Dataset entries
========================================
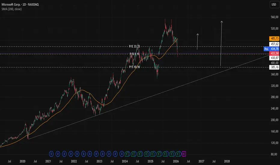 La empresa cuenta con métricas y ratios sólidos en crecimiento, rentabilidad, liquidez, solvencia, proyecciones y valuaciones. Tras la caída posterior a su último reporte, Microsoft se encuentra en zonas clave de valoración: Price To Earnings por debajo de su promedio de la última década de 33.55 con valor de 457.62 USD, Price To Book por debajo del mínimo quincenal de 8.19 con valor de 430.87 USD y Price To Sells acercándose al promedio de la última década de 10.16 con valor de 385.16 USD.
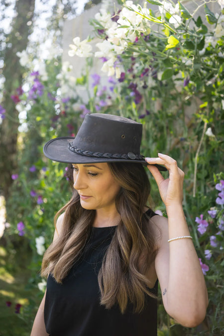 Made in Australia, marks and scratches on our leather hats are considered a natural feature as they are made with naturally scarred leather from free-roaming cattle or wild kangaroos.
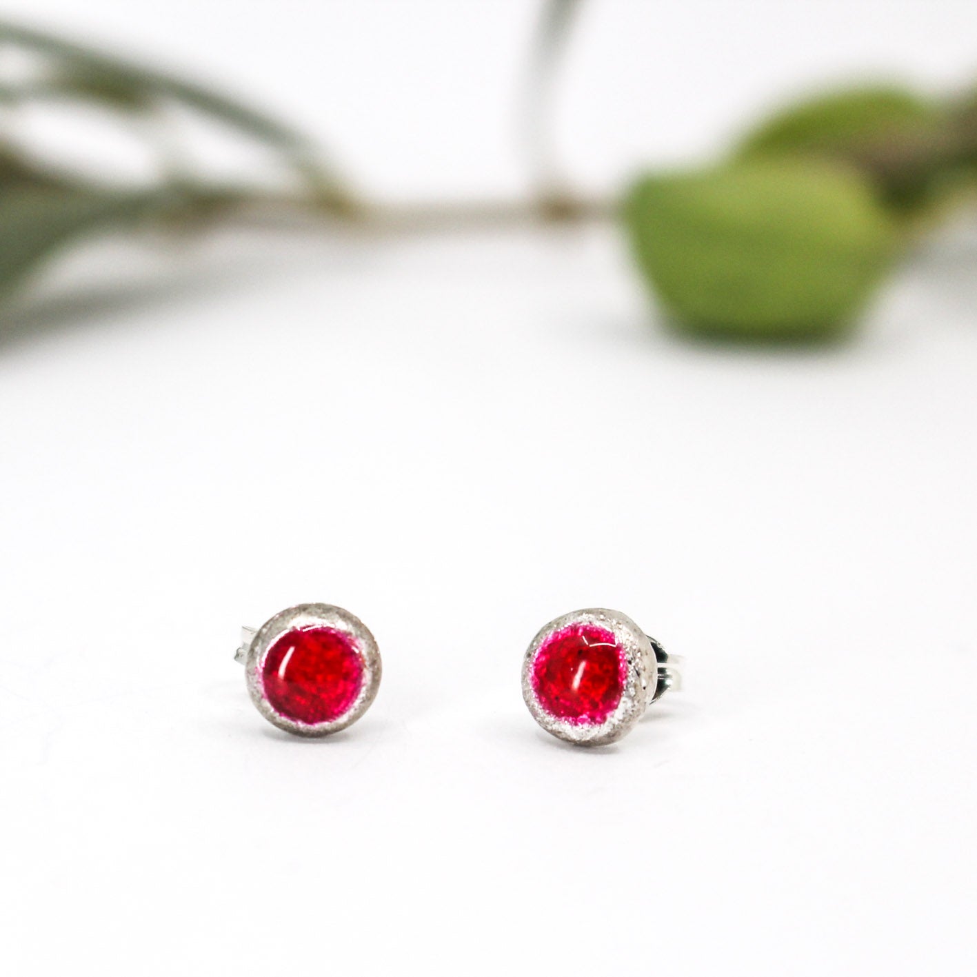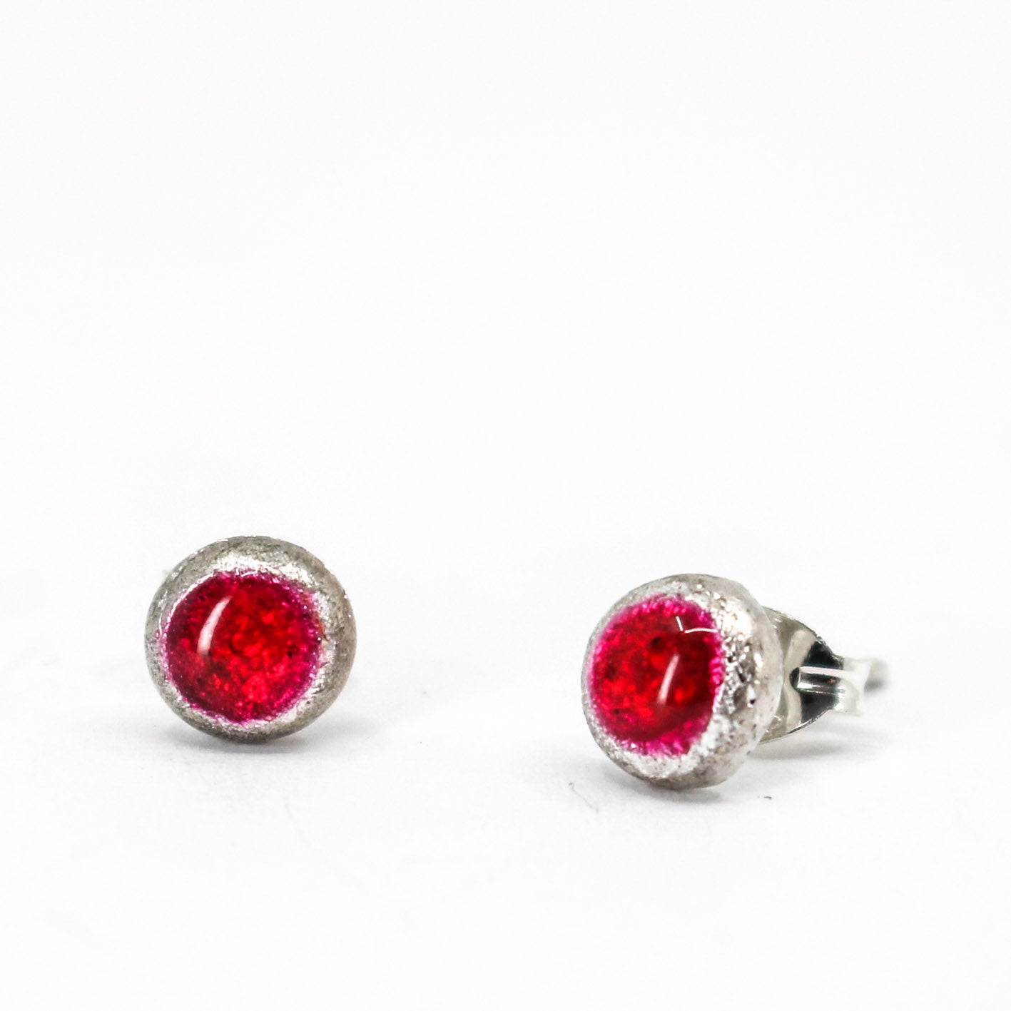 Add a pop of vibrant colour to your ensemble with our handmade red round small studs.
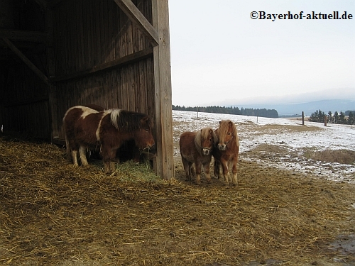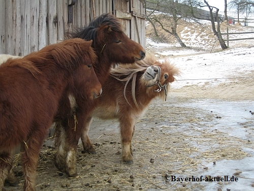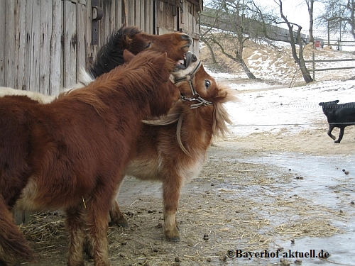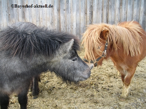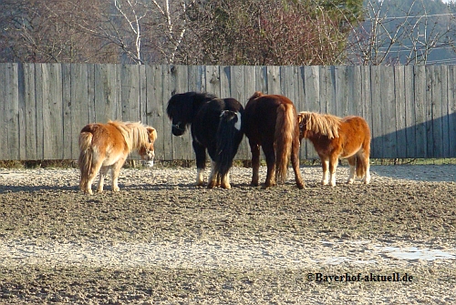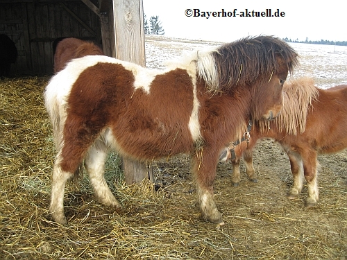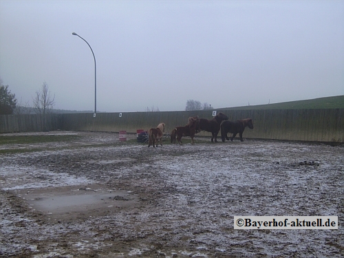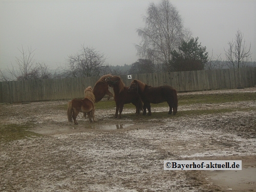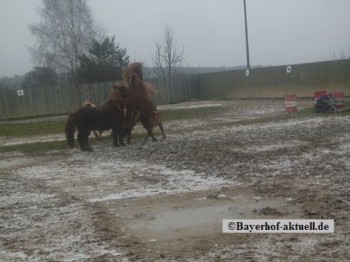 So wurden die beiden Knirpse im Dezember und Januar langsam mit all den anderen Shettys bekannt gemacht. Das heißt, sie kamen tagsüber immer wieder mit dem eine oder anderen Shetty im 2er-Pack ins Viereck.
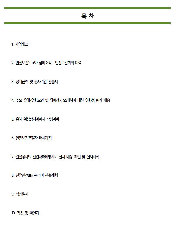 - 안전한 작업을 위한 적정 공사기간 및 공사금액 산출서
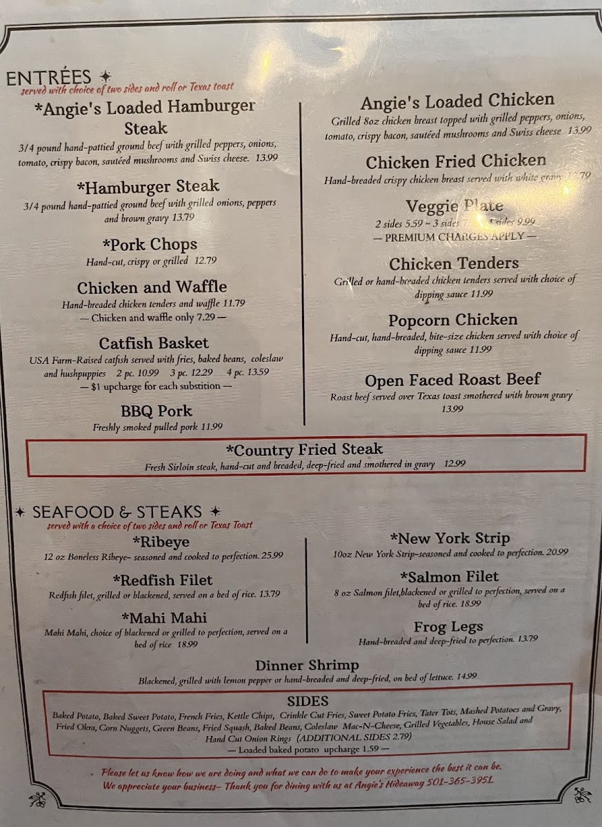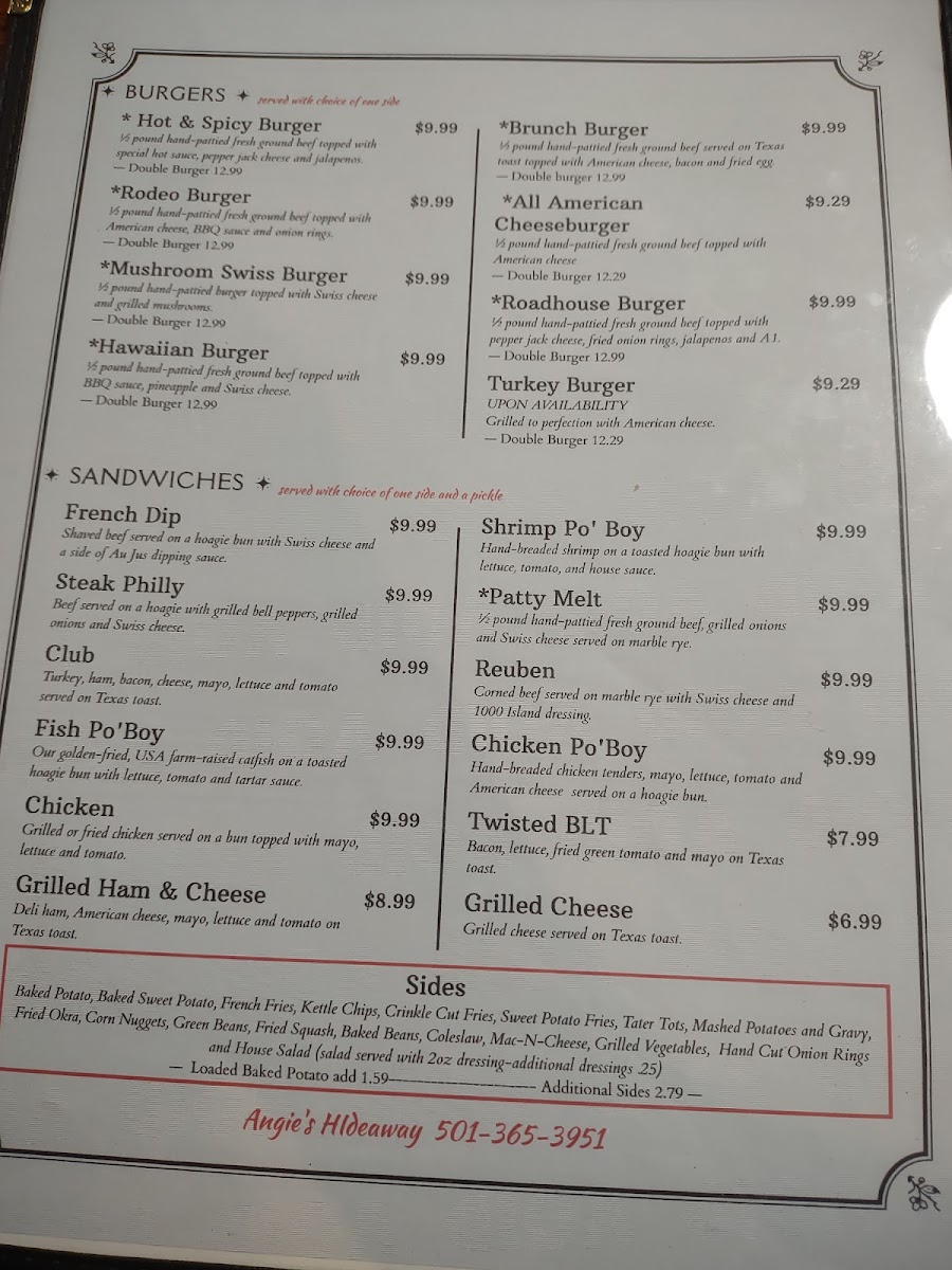 Welcome to Angie's Hideaway, a culinary gem located at 201 Bobbie Jean Ln, Heber Springs, Arkansas. This inviting restaurant is perfect for food enthusiasts seeking a great meal in a warm atmosphere. Diners rave about the extensive menu that caters to diverse tastes, ensuring that everyone finds something delightful.
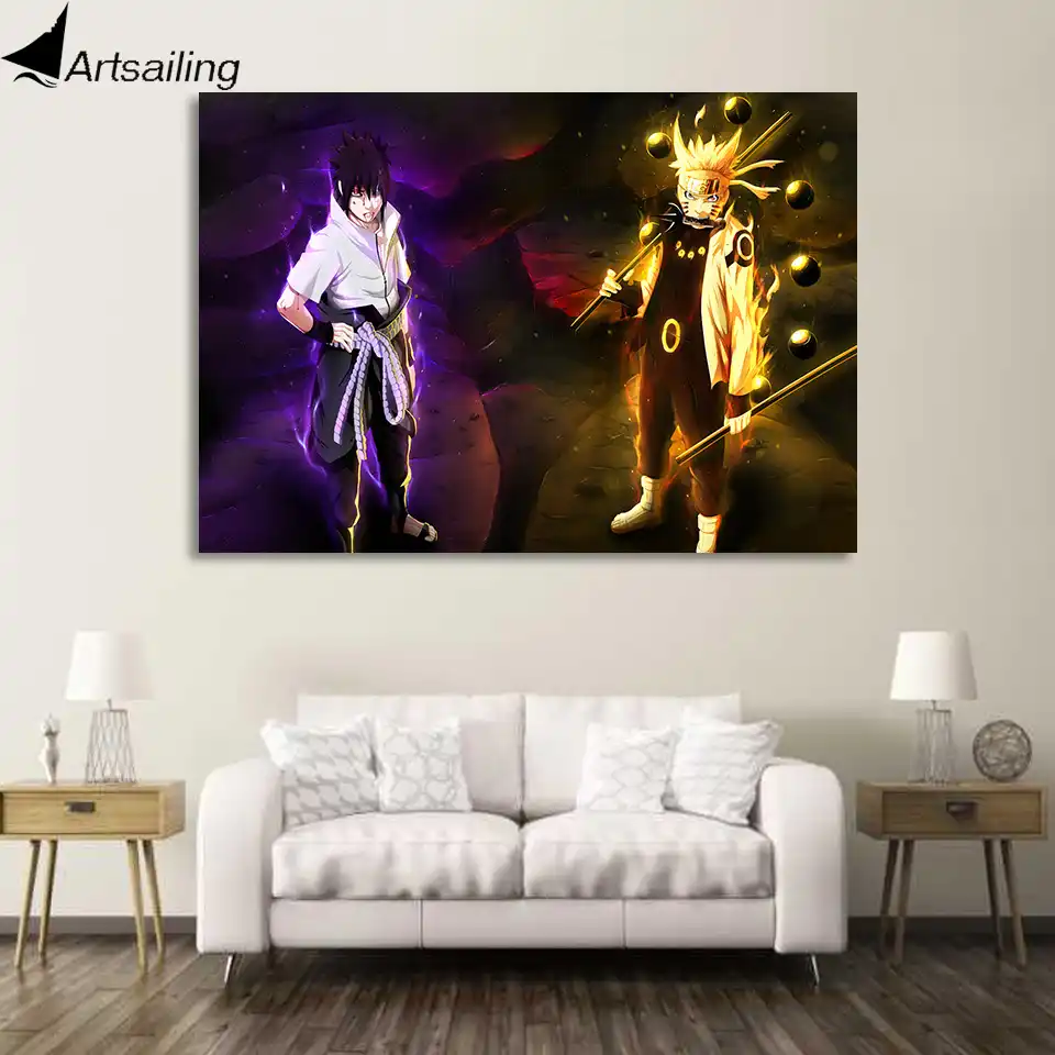 1 Piece Kanvas Lukisan Naruto Dan Sasuke Hd Anime Poster Dan
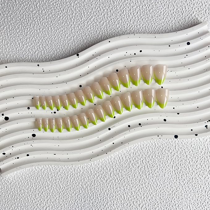 - Beauty in Every Fingertip: Fluorescent green French press on nails oval nails suitable for various social occasions great for nails salon,DIY home nails art.Perfect to be used on wedding,working,prom,dating,and medium length press on nails almond also suitable for Valentine's,Mother's Day and other festival.Medium short almond press on nail is given the perfect surprise for partners,family,friends
========================================
_Exercise objective_
Copy out the data above exactly, except the pictures.

_Completed task_
 La empresa cuenta con métricas y ratios sólidos en crecimiento, rentabilidad, liquidez, solvencia, proyecciones y valuaciones. Tras la caída posterior a su último reporte, Microsoft se encuentra en zonas clave de valoración: Price To Earnings por debajo de su promedio de la última década de 33.55 con valor de 457.62 USD, Price To Book por debajo del mínimo quincenal de 8.19 con valor de 430.87 USD y Price To Sells acercándose al promedio de la última década de 10.16 con valor de 385.16 USD.
 Made in Australia, marks and scratches on our leather hats are considered a natural feature as they are made with naturally scarred leather from free-roaming cattle or wild kangaroos.
 Add a pop of vibrant colour to your ensemble with our handmade red round small studs.
 So wurden die beiden Knirpse im Dezember und Januar langsam mit all den anderen Shettys bekannt gemacht. Das heißt, sie kamen tagsüber immer wieder mit dem eine oder anderen Shetty im 2er-Pack ins Viereck.
 - 안전한 작업을 위한 적정 공사기간 및 공사금액 산출서
 Welcome to Angie's Hideaway, a culinary gem located at 201 Bobbie Jean Ln, Heber Springs, Arkansas. This inviting restaurant is perfect for food enthusiasts seeking a great meal in a warm atmosphere. Diners rave about the extensive menu that caters to diverse tastes, ensuring that everyone finds something delightful.
 1 Piece Kanvas Lukisan Naruto Dan Sasuke Hd Anime Poster Dan
 - Beauty in Every Fingertip: Fluorescent green French press on nails oval nails suitable for various social occasions great for nails salon,DIY home nails art.Perfect to be used on wedding,working,prom,dating,and medium length press on nails almond also suitable for Valentine's,Mother's Day and other festival.Medium short almond press on nail is given the perfect surprise for partners,family,friends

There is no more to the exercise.